◆ About this task ◆
For this task, every record below must be reproduced exactly.

(Dataset entries)
####
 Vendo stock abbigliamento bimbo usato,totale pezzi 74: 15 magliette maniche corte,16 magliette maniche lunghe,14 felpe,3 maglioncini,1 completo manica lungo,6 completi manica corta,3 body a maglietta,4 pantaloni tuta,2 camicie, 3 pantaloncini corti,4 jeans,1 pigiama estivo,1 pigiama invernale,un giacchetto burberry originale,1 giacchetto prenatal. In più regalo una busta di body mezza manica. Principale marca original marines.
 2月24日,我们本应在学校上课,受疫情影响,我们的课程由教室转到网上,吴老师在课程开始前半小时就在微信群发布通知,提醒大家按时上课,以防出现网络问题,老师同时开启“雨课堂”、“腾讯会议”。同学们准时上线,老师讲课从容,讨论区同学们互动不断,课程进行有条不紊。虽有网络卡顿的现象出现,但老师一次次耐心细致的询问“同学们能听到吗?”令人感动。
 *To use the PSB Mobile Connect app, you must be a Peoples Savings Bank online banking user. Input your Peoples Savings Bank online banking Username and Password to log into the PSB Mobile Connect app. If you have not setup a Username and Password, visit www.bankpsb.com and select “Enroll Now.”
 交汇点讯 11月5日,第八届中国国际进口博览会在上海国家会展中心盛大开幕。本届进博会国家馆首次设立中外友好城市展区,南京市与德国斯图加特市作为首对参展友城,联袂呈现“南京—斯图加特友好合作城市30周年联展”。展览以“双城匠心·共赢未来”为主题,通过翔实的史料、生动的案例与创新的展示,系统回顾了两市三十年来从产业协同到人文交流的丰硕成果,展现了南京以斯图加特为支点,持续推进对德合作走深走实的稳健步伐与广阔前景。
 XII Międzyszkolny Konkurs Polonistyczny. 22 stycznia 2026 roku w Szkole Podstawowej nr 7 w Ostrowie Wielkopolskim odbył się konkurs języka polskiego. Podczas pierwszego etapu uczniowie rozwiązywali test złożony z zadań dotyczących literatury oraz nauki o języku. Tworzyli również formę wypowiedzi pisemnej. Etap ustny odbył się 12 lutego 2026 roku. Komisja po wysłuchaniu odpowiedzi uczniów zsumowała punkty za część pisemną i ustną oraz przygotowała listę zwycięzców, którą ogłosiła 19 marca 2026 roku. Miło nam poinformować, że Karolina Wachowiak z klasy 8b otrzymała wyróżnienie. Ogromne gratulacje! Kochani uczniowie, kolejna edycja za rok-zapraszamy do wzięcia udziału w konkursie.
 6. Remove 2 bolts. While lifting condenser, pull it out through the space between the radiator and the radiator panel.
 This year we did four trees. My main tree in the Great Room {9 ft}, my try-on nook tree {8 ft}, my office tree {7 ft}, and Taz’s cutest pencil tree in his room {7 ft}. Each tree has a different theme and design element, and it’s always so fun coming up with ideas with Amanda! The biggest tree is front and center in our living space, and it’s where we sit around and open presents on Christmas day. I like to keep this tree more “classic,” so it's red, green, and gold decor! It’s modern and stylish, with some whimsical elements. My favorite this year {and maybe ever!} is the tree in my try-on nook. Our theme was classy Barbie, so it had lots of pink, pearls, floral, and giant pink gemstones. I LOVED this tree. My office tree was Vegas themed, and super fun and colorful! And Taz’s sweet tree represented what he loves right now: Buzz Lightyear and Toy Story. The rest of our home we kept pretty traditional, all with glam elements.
####
◆ Response ◆
 Vendo stock abbigliamento bimbo usato,totale pezzi 74: 15 magliette maniche corte,16 magliette maniche lunghe,14 felpe,3 maglioncini,1 completo manica lungo,6 completi manica corta,3 body a maglietta,4 pantaloni tuta,2 camicie, 3 pantaloncini corti,4 jeans,1 pigiama estivo,1 pigiama invernale,un giacchetto burberry originale,1 giacchetto prenatal. In più regalo una busta di body mezza manica. Principale marca original marines.
 2月24日,我们本应在学校上课,受疫情影响,我们的课程由教室转到网上,吴老师在课程开始前半小时就在微信群发布通知,提醒大家按时上课,以防出现网络问题,老师同时开启“雨课堂”、“腾讯会议”。同学们准时上线,老师讲课从容,讨论区同学们互动不断,课程进行有条不紊。虽有网络卡顿的现象出现,但老师一次次耐心细致的询问“同学们能听到吗?”令人感动。
 *To use the PSB Mobile Connect app, you must be a Peoples Savings Bank online banking user. Input your Peoples Savings Bank online banking Username and Password to log into the PSB Mobile Connect app. If you have not setup a Username and Password, visit www.bankpsb.com and select “Enroll Now.”
 交汇点讯 11月5日,第八届中国国际进口博览会在上海国家会展中心盛大开幕。本届进博会国家馆首次设立中外友好城市展区,南京市与德国斯图加特市作为首对参展友城,联袂呈现“南京—斯图加特友好合作城市30周年联展”。展览以“双城匠心·共赢未来”为主题,通过翔实的史料、生动的案例与创新的展示,系统回顾了两市三十年来从产业协同到人文交流的丰硕成果,展现了南京以斯图加特为支点,持续推进对德合作走深走实的稳健步伐与广阔前景。
 XII Międzyszkolny Konkurs Polonistyczny. 22 stycznia 2026 roku w Szkole Podstawowej nr 7 w Ostrowie Wielkopolskim odbył się konkurs języka polskiego. Podczas pierwszego etapu uczniowie rozwiązywali test złożony z zadań dotyczących literatury oraz nauki o języku. Tworzyli również formę wypowiedzi pisemnej. Etap ustny odbył się 12 lutego 2026 roku. Komisja po wysłuchaniu odpowiedzi uczniów zsumowała punkty za część pisemną i ustną oraz przygotowała listę zwycięzców, którą ogłosiła 19 marca 2026 roku. Miło nam poinformować, że Karolina Wachowiak z klasy 8b otrzymała wyróżnienie. Ogromne gratulacje! Kochani uczniowie, kolejna edycja za rok-zapraszamy do wzięcia udziału w konkursie.
 6. Remove 2 bolts. While lifting condenser, pull it out through the space between the radiator and the radiator panel.
 This year we did four trees. My main tree in the Great Room {9 ft}, my try-on nook tree {8 ft}, my office tree {7 ft}, and Taz’s cutest pencil tree in his room {7 ft}. Each tree has a different theme and design element, and it’s always so fun coming up with ideas with Amanda! The biggest tree is front and center in our living space, and it’s where we sit around and open presents on Christmas day. I like to keep this tree more “classic,” so it's red, green, and gold decor! It’s modern and stylish, with some whimsical elements. My favorite this year {and maybe ever!} is the tree in my try-on nook. Our theme was classy Barbie, so it had lots of pink, pearls, floral, and giant pink gemstones. I LOVED this tree. My office tree was Vegas themed, and super fun and colorful! And Taz’s sweet tree represented what he loves right now: Buzz Lightyear and Toy Story. The rest of our home we kept pretty traditional, all with glam elements.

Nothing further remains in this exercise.